As people finally realize that there is no getting away from a self-imposed (or sent from above) foreclosure moratorium reality, the next question is the quantification of what the hit to banks will be. As bank stock shares are demonstrating today, it will be substantial and is already starting to be priced in. According to FBR's Paul Miller, as cited by Bloomberg, "faulty foreclosures may cost U.S. lenders $2 billion for every month that home seizures are delayed and the tab could reach $6 billion... Investigations of how banks are seizing homes may prolong foreclosures by as much as three months, at a rough cost of $1,000 per month for each property in the pipeline. The biggest firms likely need to add staff to comb through the files, costing them each $1 million a year." This is a very a modest estimate. More importantly, a separate study by SNL Financial has determined that the total amount of residential (not commercial) mortgages in foreclosure between directly serviced, and those serviced for others, for the big three banks alone (JPM, WFC, BAC) is nearly a quarter of a trillion dollars! And this number will soon surge. Keep in mind, as we disclosed yesterday, per JPM, the bank, which is a good proxy of the Big 3, keeps mortgages in the delinquent category for on average of 448 days before moving to foreclose (and 678 days in Florida and a stunning 792 days in New York). This means that banks, and especially regional banks, are about to experience the mother of all delinquency-to-foreclosure cliff events, as squatters now certainly will have no intention of ever paying down their mortgage. Which also means that the quarter trillion in foreclosed mortgages are about to explode by orders of magnitude. The hole could end up being as large as a trillion if one throws in the CMBS properties that are delinquent and in foreclosure ($61 billion in August per RealPoint).
Meanwhile, Jamie Dimon tries to stay cool, while admitting "mistakes were made":

JPMorgan Chase & Co. probably will pay an “incremental” sum to settle foreclosure investigations and there’s almost “no chance” the bank made mistakes in seizing homes, Chief Executive Officer Jamie Dimon said.
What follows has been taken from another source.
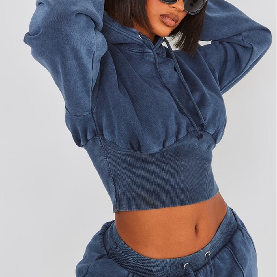 Nuevo Conjunto Deportivo de Dos Piezas para Mujer, Sudadera Corta Holgada con Hombros Caídos y Pantalones Jogger de Cintura Baja, con Logotipo Personalizado de Alta Calidad

“It will cost us some money to go back and make sure it’s done right; it will delay some foreclosures,” Dimon told reporters on a conference call today after posting quarterly results. “But the whole mortgage issue costs us so much money now, to me it will be incremental.”

The lender is in talks with state attorneys general and will correct any errors tied to foreclosures, Dimon said. About 115,000 files are under review in 41 states, according to the bank. The review and resulting clean-up will likely take three to five weeks, Dimon said.

“We have to have in-depth conversations” with state and federal officials, Dimon said. “Maybe mistakes were made, but not where someone got evicted out of a home that shouldn’t have been.”